I’m not sure if there are videos where this hasn’t happened. It’s so common I think it’s happening in every scene. I have some frames you can use to test though, the zip is here:

https://drive.google.com/file/d/0BysaXQvywjZdZ3lRUDdVSW9maG8/view?usp=sharing

It contains a folder full of PNGs that were used to make a video. As well as the mov that was made by draft. The PNGs are numbered, so it’s easy to see in Quicktime how the end of it has an extra frame when you go through frame by frame (using the arrow keys). There’s also the source Anime Studio file just in case.

Thanks for all the info! This is just about perfect.

I’m not sure when we’ll be able to get to this, but I’ll keep you posted on progress.

Great, thanks! If you need anything else to help, let me know.

Will do!

I can share what we noticed yesterday too. Grant and myself spent some time just playing with the Draft video in various players. It seems like the final frame is a bit messed up.
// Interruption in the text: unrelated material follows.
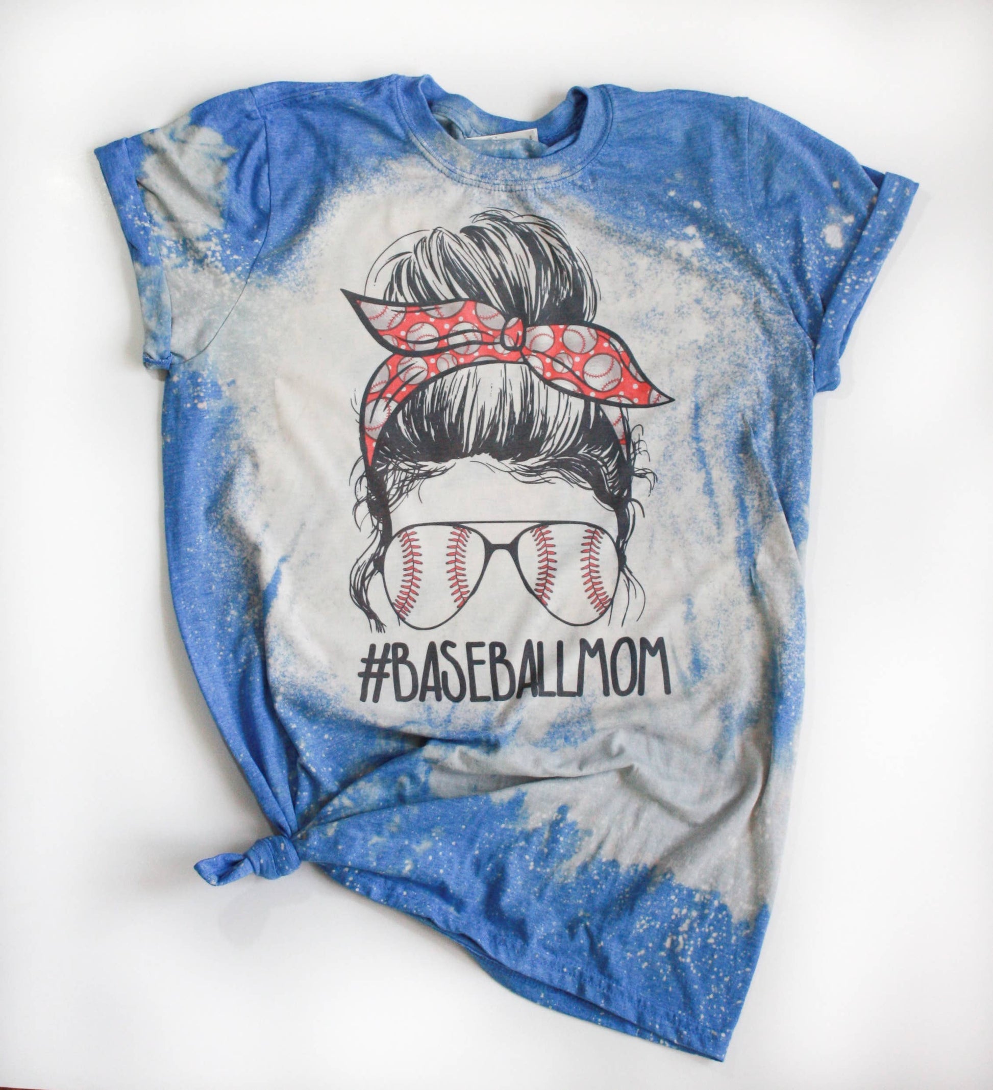 Baseball Mom Bleached Tee: Royal Blue

In the QuickTime player, it shows as though there are two frames. Within Media Player Classic, that final frame is very strange as it’s not easily selected.

We’re not quite sure what tools we can use to break this problem down yet, but Draft on the decoder end thinks there is only 100 frames while QuickTime believes there is 101.

Are there any tools in anyone’s arsenal to test this and break it down?